A hub for water innovation and leadership

As the Water Center marks five years on campus, Penn Today takes a look at its achievements, ongoing projects, and plans for the future.

Penn Representative at the UN Water Conference in April 2023.
A delegation of Penn staff, faculty, and students at the 2023 UN Water Summit in New York City. The summit, which was the first UN-hosted water conference in over 40 years, was an important opportunity for the delegates to engage with the international community. (Image: Courtesy of the Water Center at Penn)

This month the Water Center turns 5. The community-focused water policy and research center, based in the School of Arts & Sciences, has connections with students, staff, and faculty across the 12 schools at the University of Pennsylvania.

With its focus on sustainability and equity, Water Center executive director Howard Neukrug says the Center works to foster collaborations between academics, industry leaders, and communities to produce the next generation of water leaders. “Our projects have to ring a bell with the community,” says Neukrug, who, before coming to Penn in 2017, was commissioner and CEO of Philadelphia Water.

As a hub for water innovation and leadership, the Water Center has made strides towards these goals in its first five years.
“Five years is not a long time in the context of a university as old as Penn, but the Water Center’s done a tremendous amount in that time to really establish itself as one of the leading academic water centers in the country,” says Scott Moore, Water Center senior advisor and director of China Programs and Strategic Initiatives at Penn Global.

Addressing community water needs

At its heart, the Water Center bridges academic research and community needs.

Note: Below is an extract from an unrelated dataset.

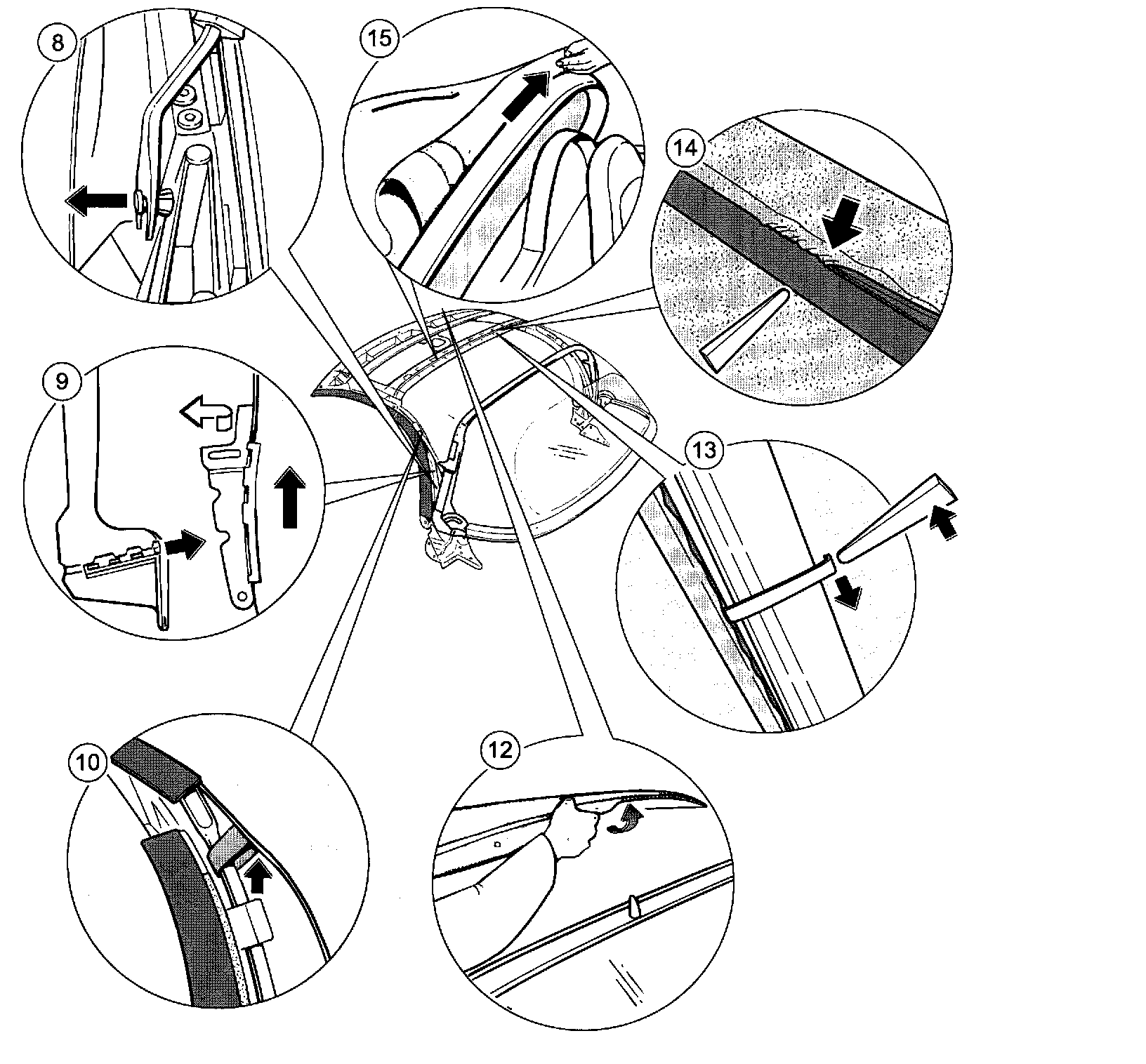 - Pull the rubber section out of the profile strip of the tension bow and detach the convertible-top end piece from the tension bow.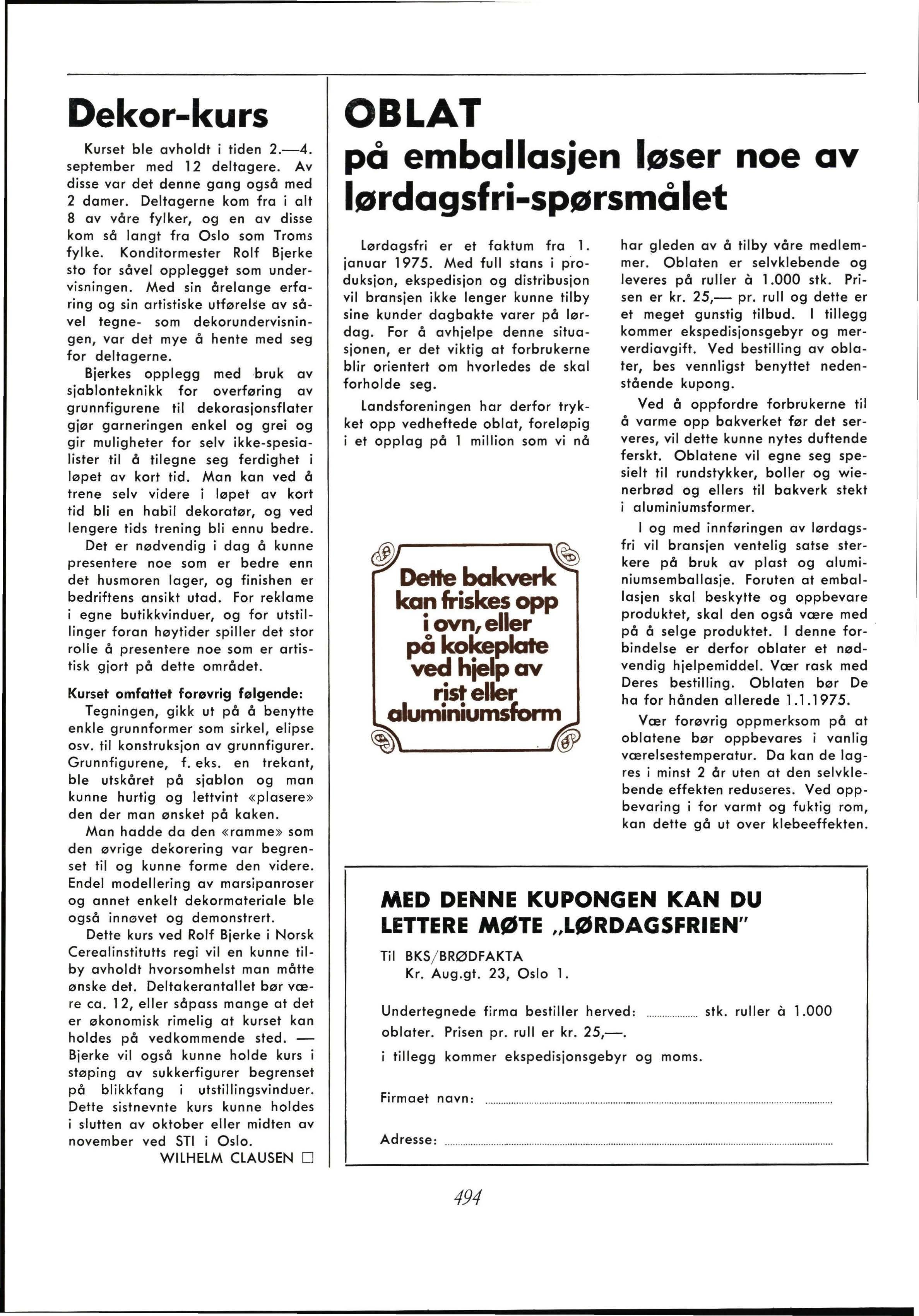 I og med innføringen av lørdagsfri vil bransjen ventelig satse sterkere på bruk av plast og aluminiumsemballasje Foruten at emballasjen skal beskytte og oppbevare produktet, skal den også være med på å selge produktet. I denne for- · bindelse er derfor oblater et nødvendig hjelpemiddel. Vær rask med Deres bestilling. Oblaten bør De ha for hånden allerede 1.1.1975.

“Making our cities, towns, and communities resilient to threats including drought, extreme storms, sea level rise, climate uncertainty, and aging infrastructure requires us to think in an integrated and sustainable way with other community issues such as housing, jobs, crime and education,” Neukrug says.”

The Water Center has a number of completed and ongoing projects to improve water access and equity locally and across the eastern United States. Projects include identifying actions to improve recreational water quality of the Delaware River, developing a management strategy for equity-based stormwater management in Pittsburgh, and a long-term commitment to Cobbs Creek, an urban waterway with substantial wetlands that separates Philadelphia and Delaware counties.

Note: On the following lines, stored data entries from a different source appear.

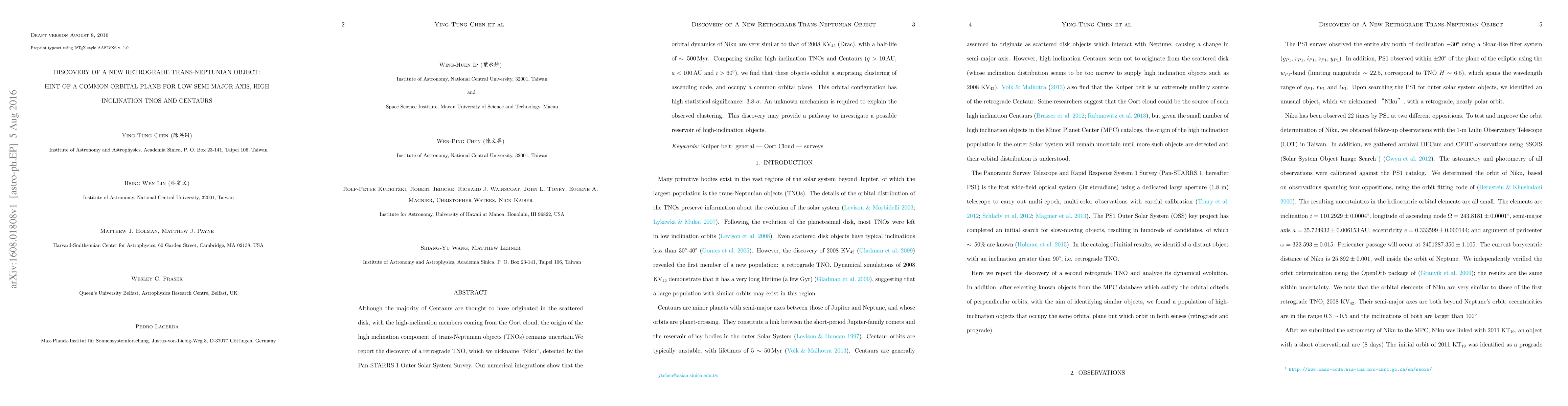 The paper reports the discovery of a new retrograde trans-Neptunian object named "Niku," suggesting a common orbital plane among high inclination TNOs and Centaurs. The findings indicate a statistically significant clustering of these objects, hinting at an unknown mechanism shaping their orbital dynamics.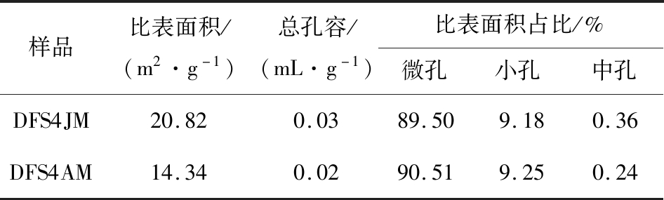 样品比表面积/(m2·g-1)总孔容/(mL·g-1)比表面积占比/%微孔小孔中孔DFS4JM20.820.0389.509.180.36DFS4AM14.340.0290.519.250.24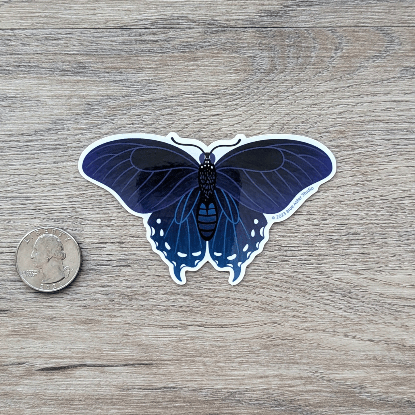 We love the beautiful black and iridescent blue of the pipevine swallowtail butterfly! It is so exciting when we spot them in our garden or out hiking. These insects are a real treat to see fluttering through the air and nectaring on summer blooms. Now you can celebrate the pipevine swallowtails all year round with this fantastic vinyl sticker. It makes a perfect laptop sticker or water bottle sticker so you can have the beauty of this butterfly with you wherever you go!

Jazmin Ricks and high school students from Paul Robeson High School at Cobbs Creek.
Jazmin Ricks teaches students from Paul Robeson High School during the 2022 Cobbs Creek Summer Enrichment program. (Image: Melanie Chu)

“Cobbs Creek is one of our nation’s more polluted urban waterways,” Neukrug says. “Working at the Creek with experts and the community, you have to first ask why this stream is like this.” He says if you compare it to a successful urban waterway like Wissahickon Creek the disparity is clear. “It really comes down to issues of environmental justice, equity, and money.”

This summer, Bo Nash, a Water Center research fellow and second-year student in the Master of Environmental Studies (MES) program, took on the full-time role of Cobbs Creek program coordinator. In this role, Nash is conducting a water quality monitoring project, the results of which will be more transparent and publicly accessible than previous monitoring efforts.

“We want to understand what the quality of Cobbs Creek is actually like. Is it safe to fish and eat the fish out of there, and is it safe to even go walking there because it’s easily accessible by the public?” Nash says.

Nash also helped host this year’s Cobbs Creek Summer Enrichment program, which introduces students from Paul Robeson High School in West Philadelphia to water and environmental research. He plans to continue working with the Water Center at Cobbs Creek this coming semester.

Fostering the next generation of water leaders

Through teaching, fellowships, industry career events, and on-campus conferences and webinars, the Water Center is helping create the next generation of water leaders. 

“When you talk about water, students start realizing the impact an individual working in water can have,” Neukrug says. “You can really make an impact in the local and global environment, which is something today’s students really value.”

Audience and panel at the 2022 Careers in the Water Industry event.
Students listening to a panel discussion at the 2022 Careers in the Water Industry event. (Image: Brenton McCloskey)

The past few years have seen an expansion in the number of water-related courses offered at Penn. In addition to Neukrug’s two courses—the undergraduate The Role of Water in Urban Sustainability and Resiliency course, and the graduate-level course The U.S. Water Industry in the 21st Century—are offered through departments ranging from Earth and Environmental Science to Anthropology, English, Urban Planning, Cinema and Media Studies, Legal Studies, and Business Ethics.

Neukrug says one of the first steps is helping students realize the diversity of career opportunities within the water sector.

“I’ve had students who take my class and then write to me six months later saying, ‘Thank you, Howard. When I came to Penn I knew that I could become an engineer, a doctor, a lawyer, or a financier, but I didn't know I could become a water professional.’”

Water, gender, and environmental justice

Since October 2017, the Water Center has published wH2O, the Journal of Gender and Water, an annual, peer-reviewed publication focused on academic research, findings, and significant advances in the field of gender and water.

“The journal set out to present critical work at the intersection of global water and gender challenges and to advance conversations in this topic because it’s something that can be easily overlooked and ignored,” says Amisha Shahra, editor in chief of wH2O and a 2022 graduate of Penn’s MES program.

Howard Neukrug giving a public lecture.
Howard Neukrug giving a public 1.5 Minute Climate Lecture on campus in 2019. (Image: Andrea Garay)

Now, the journal is undergoing a makeover and expanding its scope under a new name: the International Journal for Water Equity and Justice.

“Expanding the journal is a natural next step to bring in more diversity and inclusiveness within the authorship, the reach, as well as the work presented through the journal,” Shahra says. “The idea is to provide a centralized hub for cutting-edge research and insights related to progress and challenges within the water sector centered around equity and justice at local, national and international levels.”

Making Philadelphia a hub for water policy and research

One of the Water Center’s ongoing goals is to make the Philadelphia region a hub for water research that will bring together a diverse set of experts in the water space including water utility personnel, environmental non-profit and stormwater professionals, academics, and private industry leaders.

As a starting point, in April the Water Center created a corporate roundtable to collaborate and strategize on water-related policies. So far, the roundtable includes more than two dozen major companies operating in the water sector.

“The ultimate goal is to make the Philadelphia region a major leader in water and water technology like other parts of the world that are clear centers of water leadership, places like Singapore, the Netherlands, Los Angeles, and San Francisco,” Neukrug says. “It’s great that this initiative will be headquartered here at Penn.”